Rafael Castillejo:/ Solía comenzar su trabajo muy temprano, antes de que el calor hiciera acto de presencia y se bebiese su mercancía por el camino. Aquellas neveras no servían para nada si no se les introducía un bloque de hielo cuyo tamaño podía variar según el precio que el usuario hubiera acordado con el distribuidor.
Tanto madrugaba el hombre que, para no despertar a los clientes, solía dejarles el hielo en la puerta sin llamar al picaporte. La mayoría, se preocupaba de estar atenta a su llegada para que no se derritiera ni una gota pero, algunas veces, el poco madrugador (o trasnochador) podía encontrarse con un charco de agua en lugar del citado bloque. No siempre la causa era la alta temperatura.
Algunos mozalbetes que «pasaban por allí» solían rebajarlo con una piedra para llevarse el hielo a la boca a forma de helado. Un helado de niños pobres. Un helado de agua y, por lo tanto, incoloro, inodoro e insípido.

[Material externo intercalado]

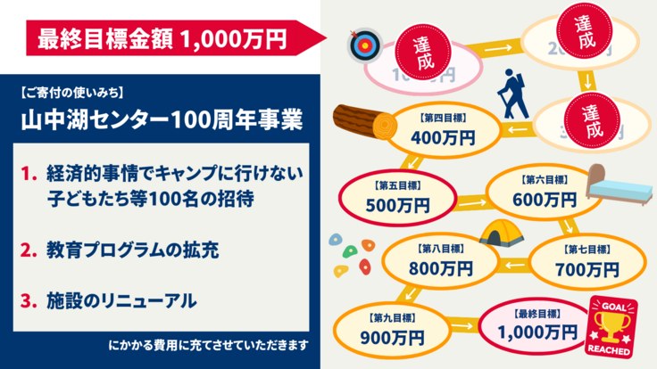 すでに多数のご協力をいただいていますが、支援の輪をさらに広げ、多くの方に山中湖センターを知っていただき、当キャンプ場の未来、子どもたちの未来を応援していただきたく、SNSでのシェアやご友人へのメール転送など、周りの方々にもこのプロジェクトを広めていただけますと幸いです。

De ahí debe venir aquello de «algo es algo, y comía hielo».
En mi barrio, la mayoría de familias carecía de este tipo de neveras. Con aquel panorama, hablar de frigoríficos eléctricos capaces de convertir en la propia casa agua en hielo parecía algo milagroso o reservado para los altos mandos de la Base Americana. La fresquera, una especie de pequeño armario de madera con una puerta de tela metálica, era la solución para muchos a la hora de conservar algún tipo de alimentos y, sobre todo, protegerlos de la cantidad de moscas que, dadas las características de tantas viviendas todavía con corral, se convertían en verano en una auténtica plaga.
Instaladas en la parte norte de la casa, estas fresqueras hacían lo que podían. En aquellos años, era suficiente para las gentes acostumbradas a vivir sin las comodidades de hoy. Gentes que alcanzaban el máximo placer bebiendo por la mañana agua del botijo dejado a la fresca de la noche. Imaginen ustedes la clase de «fresca» que podía encontrarse en noches como las que hemos padecido esta primera quincena de julio. Y, eso, les puedo asegurar a los más jóvenes, que nunca faltó: CALOR.
Lo dice uno que prefiere mil veces el invierno al verano porque, aunque algunos aseguren que el número de días de calor extremo no pasa de diez en todo el año, yo contesto siempre que: diez días a cuarenta grados, son cuatrocientos grados. Sí, ya sé que soy algo exagerado pero, más exagerado me parece a mí este calor y, sobre todo, la insistencia de las cadenas de televisión advirtiendo que, en las horas centrales del día, debe evitarse la exposición al sol. Y yo sin enterarme.